Silk Road 2.0 and other 400 dark net sites shut down by Europol and FBI
Silk Road 2.0 and other 400 dark net sites operating on the Tor network have been shut down in a joint operation between Europol’s cybercrime centre and the FBI.
Tor network is a part of the internet unreachable via traditional search engines.
The joint operation between 16 European countries and the US saw 17 arrests.
Tor is home to thousands of illegal marketplaces, trading in drugs, child abuse images as well as sites for extremist groups.
Experts believe the shutdown represents a breakthrough for fighting cybercrime.
Among those arrested was Blake Benthall, who is said to have been behind Silk Road 2.0, a marketplace for the buying and selling of illegal drugs.
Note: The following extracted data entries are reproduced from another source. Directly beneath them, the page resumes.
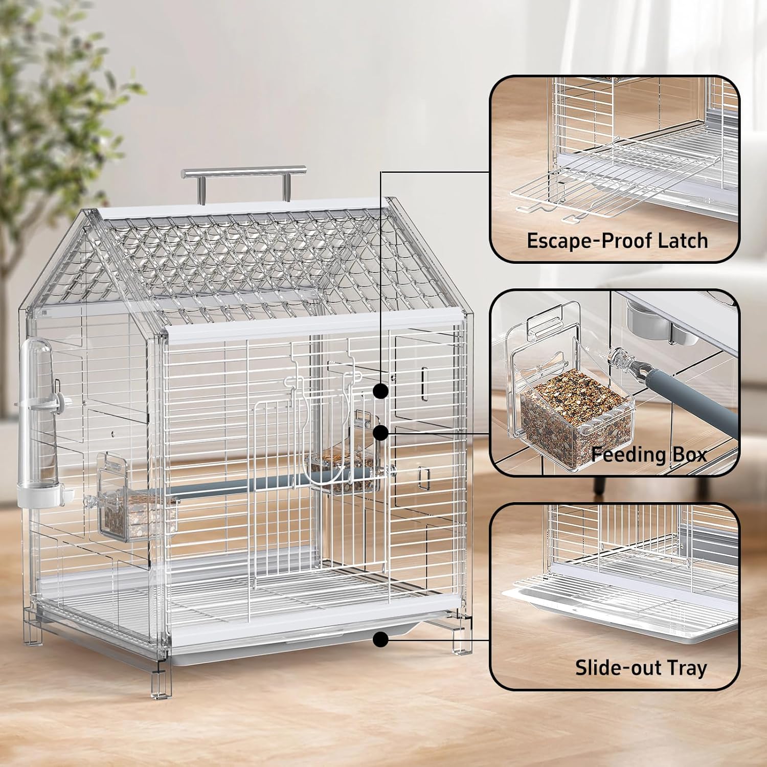 - 【Escape-Proof】The front door is equipped with a latch to prevent your clever little bird from opening it, keeping them securely inside the cage when you're not around.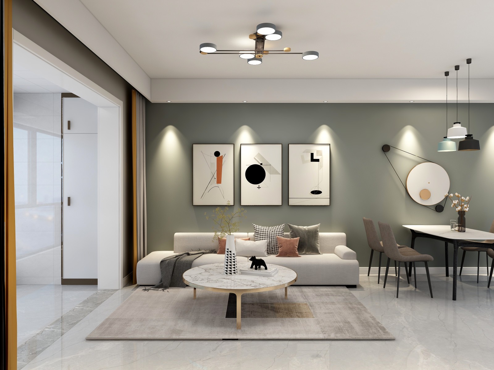 沙发背景墙,利用乳胶漆调色,拉开与电视墙的视觉距离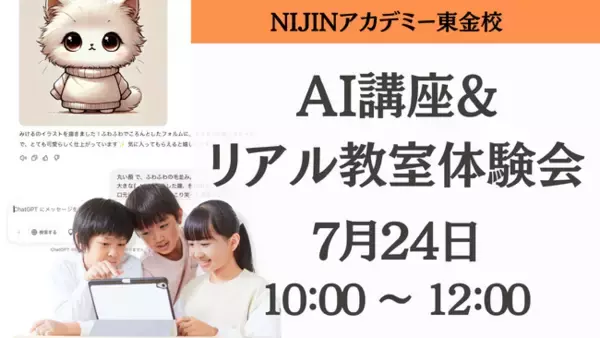 株式会社NIJIN(本社:東京都江東区、代表取締役:星野達郎)が運営する不登校オルタナティブスクール「NIJINアカデミー東金校」(所在地:千葉県東金市)ではこの度、不登校の子供達に生成AIを通して学びの楽しさを味わうとともに、新しい学びの形を広める取り組みとして、AI講座とリアル体験会を実施することをお知らせいたします。

Silk Road 2.0 launched in October 2013 after the original Silk Road site was shut down and its alleged owner arrested.
The operation also saw the seizure of Bitcoins worth approximately $1 million.
“Today we have demonstrated that, together, we are able to efficiently remove vital criminal infrastructures that are supporting serious organized crime,” said Troels Oerting, head of Europol’s European cybercrime centre.
“And we are not <<just>> removing these services from the open internet; this time we have also hit services on the dark net using Tor where, for a long time, criminals have considered themselves beyond reach,” he added.
The raid represented both a technological breakthrough – with police using new techniques to track down the physical location of dark net servers – as well as seeing an unprecedented level of international co-operation among law enforcement agencies.
The so-called deep web – the anonymous part of the internet – is estimated to be anything up to 500 times the size of the surface web.
Within that experts refer to the dark net – the part of the network which Tor operates on. There are approximately three million Tor users but the number of sites may be smaller.
Alan Woodward, a security consultant who advises Europol, said that the shutdown represents a new era in the fight against cybercrime.
“Tor has long been considered beyond the reach of law enforcement. This action proves that it is neither invisible nor untouchable,” he said.
However, Alan Woodward added, it did not mean copycat sites would not spring up, or that the police had thrown light on the dark net.